In the _Essays_ he writes as a looker-on at the game of human affairs, who, according to his frequent illustration, sees more of it than the gamesters themselves, and is able to give wiser and faithful counsel, not without a touch of kindly irony at the mistakes which he observes.
In the _Advancement_ he is the enthusiast for a great cause and a great hope, and all that he has of passion and power is enlisted in the effort to advance it.

The _Advancement_ is far from being a perfect book.

As a survey of the actual state of knowledge in his day, of its deficiencies, and what was wanted to supply them, it is not even up to the materials of the time.

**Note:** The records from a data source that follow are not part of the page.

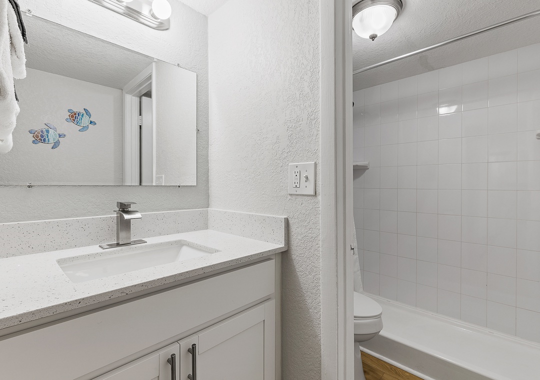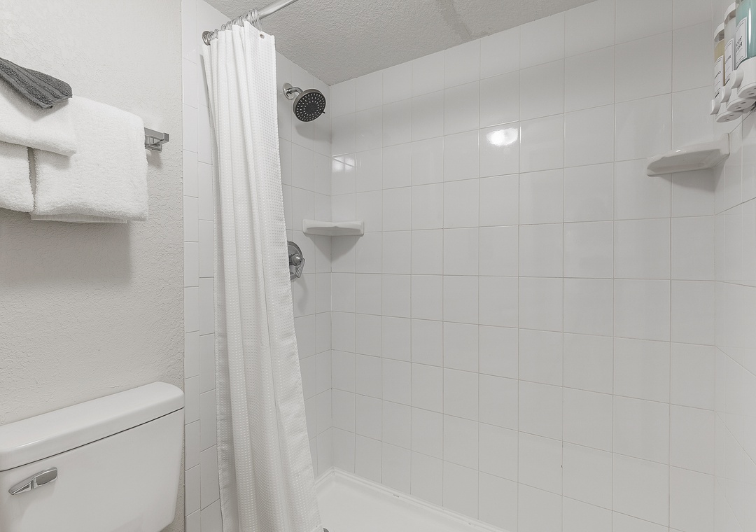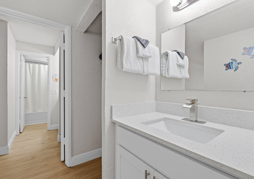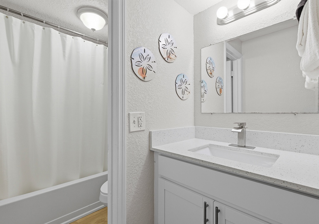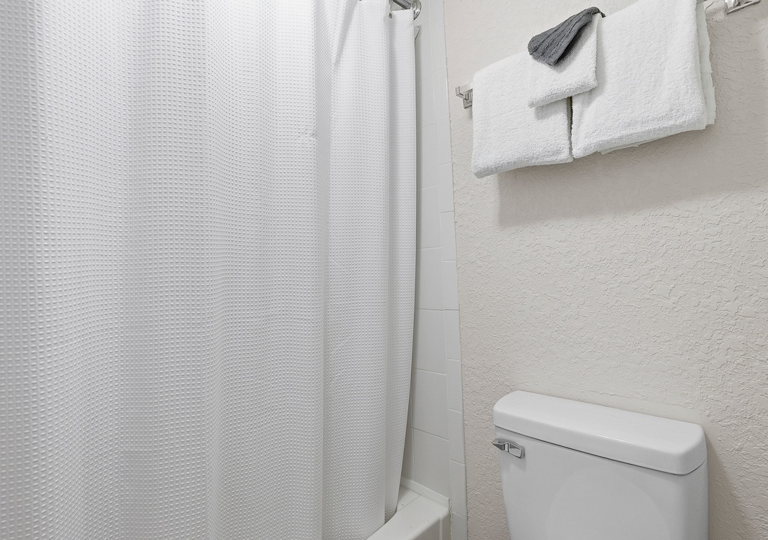 Welcome to this ground-floor one-bedroom, two-bathroom condo in Daytona Beach — a comfortable and stress-free escape perfect for couples, friends, or a small family getaway. No stairs, no hassle; just park, drop your bags, and head straight for the beach. The bedroom features two queen beds separated by a half-wall divider, offering a touch of privacy while keeping the layout open and easygoing. A sleeper sofa in the living area allows the condo to comfortably accommodate up to six guests. Two full bathrooms — one with a tub/shower combination and one with a stand-up shower — make it easy for everyone to get ready without the wait, and the full kitchen with bar seating for three is perfect for morning coffee or evening drinks after a long day in the sun.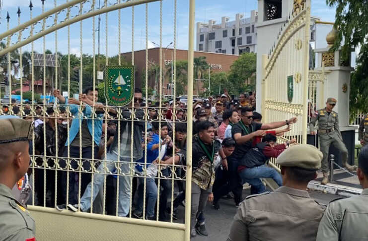 PEKANBARU (RIAUPOS.CO) — Aksi demonstrasi puluhan massa yang tergabung dalam Aliansi Masyarakat Riau Peduli Keadilan di depan Kantor Gubernur Riau, Jalan Jenderal Sudirman, Pekanbaru, Senin (13/10), berujung ricuh. Massa yang awalnya berorasi tertib, tiba-tiba mendorong pagar depan kantor gubernur hingga jebol setelah permintaan mereka untuk bertemu langsung dengan Gubernur Riau Abdul Wahid tidak ditanggapi.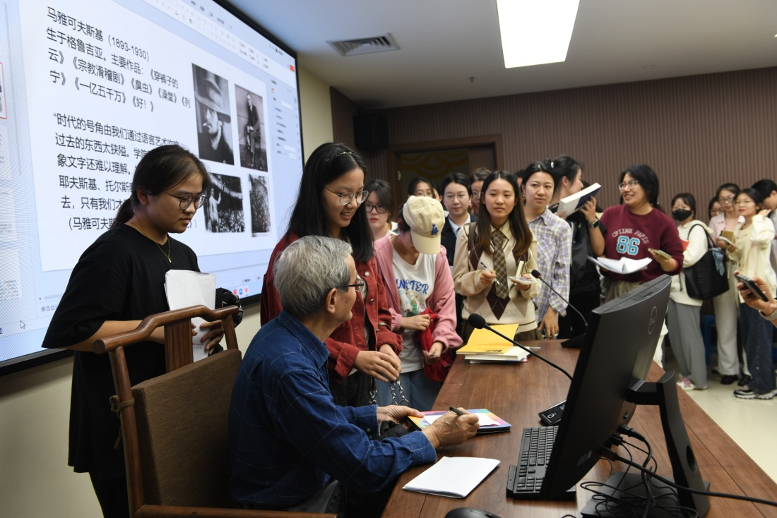 讲座从晚上6点半开始,持续到9点10分,洪子诚教授始终思路清晰,娓娓道来,在场师生无不被洪子诚教授精深的学养和真诚的态度所折服。讲座结束后,洪子诚教授又不辞辛劳,为学生签名,与学生合照。在场师生纷纷表示本次讲座十分精彩,场面热烈温馨,令人终身难忘。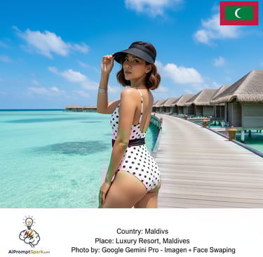 อยากเที่ยวทิพย์แบบเนียนๆ เหมือนวาร์ปไปอยู่มัลดีฟส์จริงๆ ไหม? ลองใช้ AI Prompt สุดเทพจาก AiPromptSpark สร้างรูปสวยๆ ด้วยใบหน้าของเราในชุดว่ายน้ำสุดเก๋ ถ่ายรูปกับทะเลสีเทอร์ควอยซ์และบังกะโลกลางน้ำที่มัลดีฟส์ง่ายๆ ด้วย Google Gemini และเทคนิค Face Swaping ที่จะเปลี่ยนฝันให้เป็นจริง!
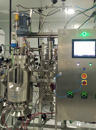 • Biorreactor fabricado totalmente en acero inoxidable de capacidad de trabajo 50 litros con sistema de esterilización «in situ».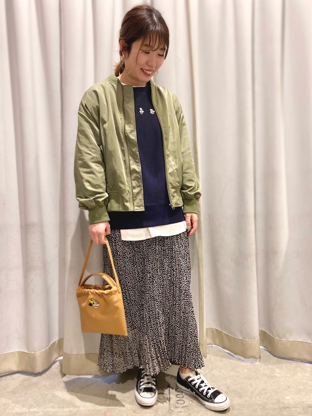 ✎𓂃トップス・アウター 着用サイズ:Fサイズ 普段着用サイズ:Mサイズ 【着用感】 アメホリとディズニーのコラボ商品です! スウェットは程よいゆるさでロゴのミッキーがレトロな感じで可愛いです🌿 アウターはバックにミッキーがプリントされていてとてもインパクトのあるアイテムです! ディズニーに着て行っても可愛いですよ🥰♡ ✎𓂃スカート 着用サイズ:Mサイズ 普段着用サイズ:Mサイズ 【着用感】 柔らかいプリーツ素材なので広がりすぎず着ていただけます🍃 ウエストに紐があるのでM、Lお好きな丈を選んで着てみてください🍊

Even the improved _De Augmentis_ is inadequate; and there is reason to think the _Advancement_ was a hurried book, at least in the later part, and it is defective in arrangement and proportion of parts.
Two of the great divisions of knowledge--history and poetry--are despatched in comparatively short chapters; while in the division on "Civil Knowledge," human knowledge as it respects society, he inserts a long essay, obviously complete in itself and clumsily thrust in here, on the ways of getting on in the world, the means by which a man may be "_Faber fortunae suae_"-- the architect of his own success; too lively a picture to be pleasant of the arts with which he had become acquainted in the process of rising.

The book, too, has the blemishes of its own time; its want of simplicity, its inevitable though very often amusing and curious pedantries.